刘大都督懒得跟他解释。
抡圆了胳膊,高高的抬起巴掌。
顿时吓得孙副将再也不敢多说一句。
表情无比吃瘪。
刘大都督转头,虎目中一道寒光射向典狱长。
“你作为监狱的典狱长,可以跟着他胡作非为吗?”
典狱长顿时被对方的气势给压迫的喘不过气来。
他甚至都不明白,这一切究竟是为什么?
按理说,他作为金陵卫的大都督,也是周少爷舅舅的部下,和孙副将应该是同一阵营才对。
怎么现在却倒戈相向?
和劫狱的一众站在一起?
不可思议。
不敢多问,典狱长嘴唇颤抖,眼中都是恐惧之色。
冷汗如雨,湿透衣襟。
他立马和孙副将撇清关系,将自己置身事外,试图自救。
“回大都督,小的完全对此事不知,完全是孙副将他把人抓到咱们监狱来的。
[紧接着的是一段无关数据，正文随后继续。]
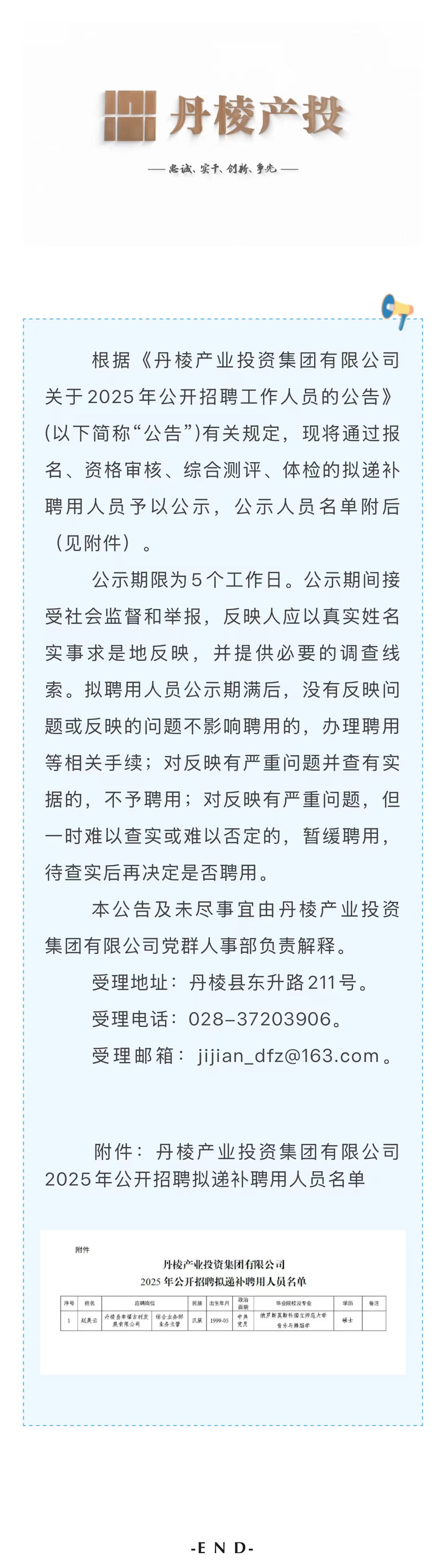 丹棱產(chǎn)業(yè)投資集團有限公司關(guān)于2025年公開招聘擬遞補聘用人員的公示
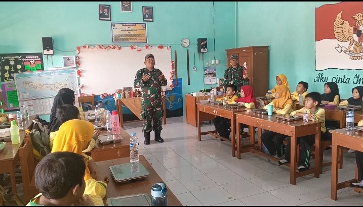 Batang,- Kedatangan Babinsa dari Koramil 10/Batang Peltu Mery Setyawan bersama time dari Program Makan Bergizi Gratis (PMBG) disambut antusias positif siswa/siswi SDN 1 Kauman.
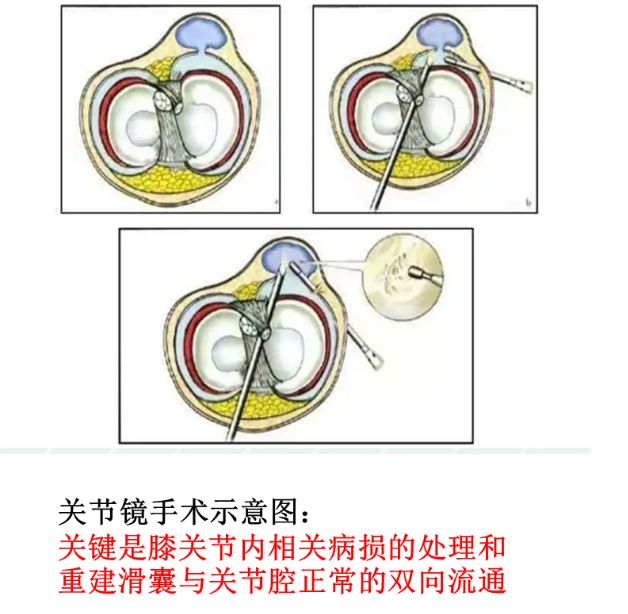 目前腘窩囊腫手術(shù)方式主要有:開放性后側(cè)入路及關(guān)節(jié)鏡下腘窩囊腫切除兩種。傳統(tǒng)后側(cè)入路行腘窩囊腫切除,不僅手術(shù)切口較大,術(shù)后形成疤痕影響美觀及功能恢復(fù),無法處理膝關(guān)節(jié)內(nèi)的病變,復(fù)發(fā)率高。關(guān)節(jié)鏡不僅可以處理關(guān)節(jié)腔的疾患,還可以進(jìn)入后內(nèi)側(cè)間室,在直視下將關(guān)節(jié)囊通道口的“瓣膜”清除,擴(kuò)大通道,使囊腫與關(guān)節(jié)腔的通道形成雙向流通,同時進(jìn)行囊腫壁全部切除。關(guān)節(jié)鏡下治療腘窩囊腫是一種針對腘窩囊腫發(fā)病機(jī)制有效手術(shù)方法,具有創(chuàng)傷小、出血少、恢復(fù)快、復(fù)發(fā)率低等優(yōu)點(diǎn)。

”
孙副将失望的看着典狱长。
一声长叹。
“墙头草随风倒,妈的,毫无半点男人骨气可言!”
刘大都督也懒得听他辩解,当即一声令下。
“都给我拿下!”
几名金陵卫上前,便将典狱长给控制。
他和孙副将两人,被压得跪在地上。
不敢有半点反抗之意。
模样狼狈至极。
作为监狱的老大都被拿下了,那些看押的当差人员,面色愈加惨白。
浑身紧绷,浑身上下,不止不住的颤抖着。
不敢想象——被新关押进来的那个青年——杨玄,究竟是何来头?
一旁。
周晓月看着这一幕,也是满心不解。
躲在不远处荆棘中的高大松,同样疑惑的抓着后脑勺。
“怎么回事儿?狗咬狗?越来越有意思了。”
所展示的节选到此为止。